A visit to a Midwest state fair inspired an intaglio print of 1949 titled Children at the Fair: The Ride. Golahny reprised this composition of a whirligig (a central pole with carts swinging from it) in a 1987 woodcut and in several subsequent large paintings.

Inspired by publications on nebulae and black holes, Golahny began the Space series in 1980. In dozens of paintings she modeled her images on photographs of cosmic exploration in the archives of the Harvard College Observatory. She also painted evocative layerings of an imagined passage through space and time, and fantastic semi-formed creatures. Art historian Alicia Faxon wrote of one of Golahny's paintings of the Crab Nebula, "Golahny's Crab Nebula . . . capture[s] the process of creation, a process that takes place both in the creation of the nebula and in the gestation of the painting itself. . . . In comparing Crab Nebula to the photographs that inspired the work, it is fascinating to see how much more vivid and complex the artist's interpretation is. The photographs appear static; the painting pulses with energy, embodying an endless universe in creation."

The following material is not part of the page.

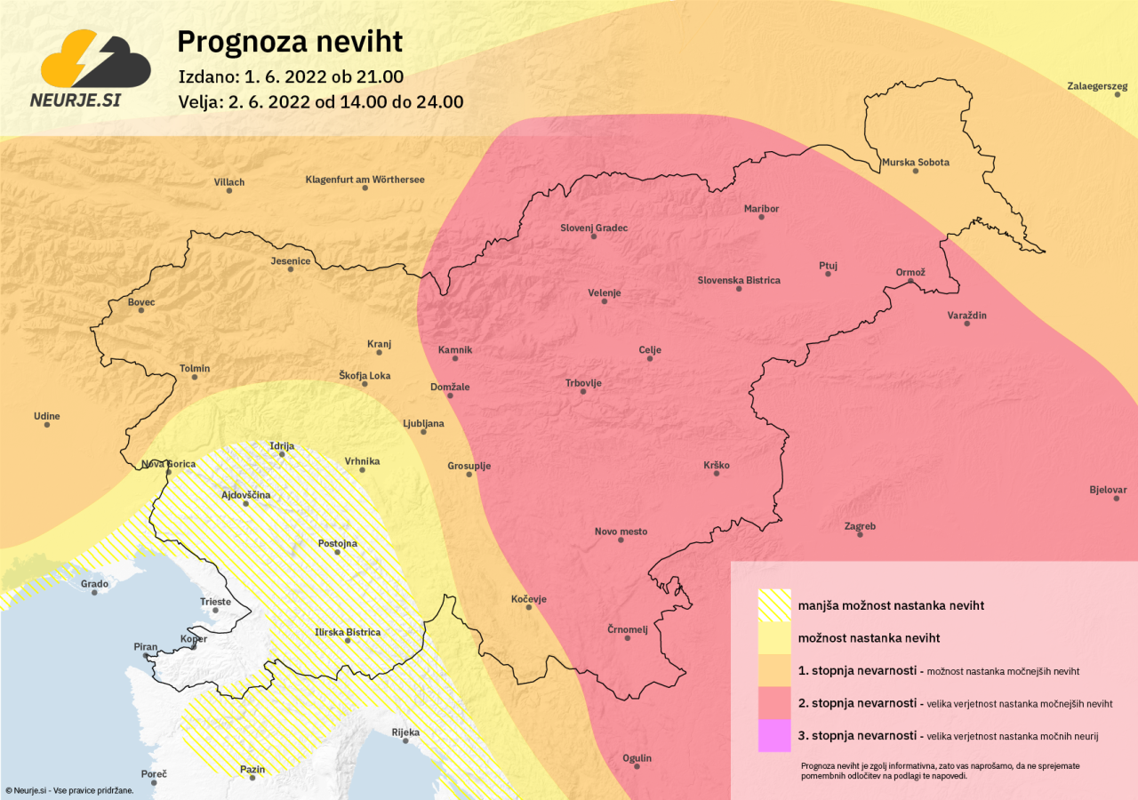 Kot so zapisali na portalu Neurje.si, so iz smeri Avstrije Koroško in del Savinjske že zajele nevihte, vmes tudi močnejše. Nevihte se krepijo in se bodo v obliki nevihtnega sistema pomikale v smeri Hrvaške. Močnejša nevihta je iz smeri severne Italije dosegla tudi območje Bovca, a slabi.

| Children at the Fair #2, by Golahny, oil painting, 1990, 60" x 40". Private collection. The text is a quotation from Niels Bohr: "We are at the same time actors and spectators in the great drama of nature." | Crab Nebula #1, by Golahny, oil on canvas, 1980s, 30" x 36". Private collection. |

The Being and Becoming series concerns the expansion of the universe since the Big Bang. Inspired by this series and other paintings, Boston-based musicians Paul and Rosalie DiCrescenzo wrote a four-movement score to accompany a slide-show of the images, titled The Watchers and the Watched. This was performed with support from the Massachusetts Council on the Arts in 1995. Golahny died in November 2005. A commemoration of her life and work at the Newton Free Library in December 2006 included The Watchers and the Watched.

Among her last paintings was The Striving, 9/11 and History, a response to the September 11, 2001 attacks on the World Trade Center.

In Spring 2018, Lycoming College (Williamsport, Pennsylvania) hosted a large exhibition of her work, Berta Golahny: The Human Abstract.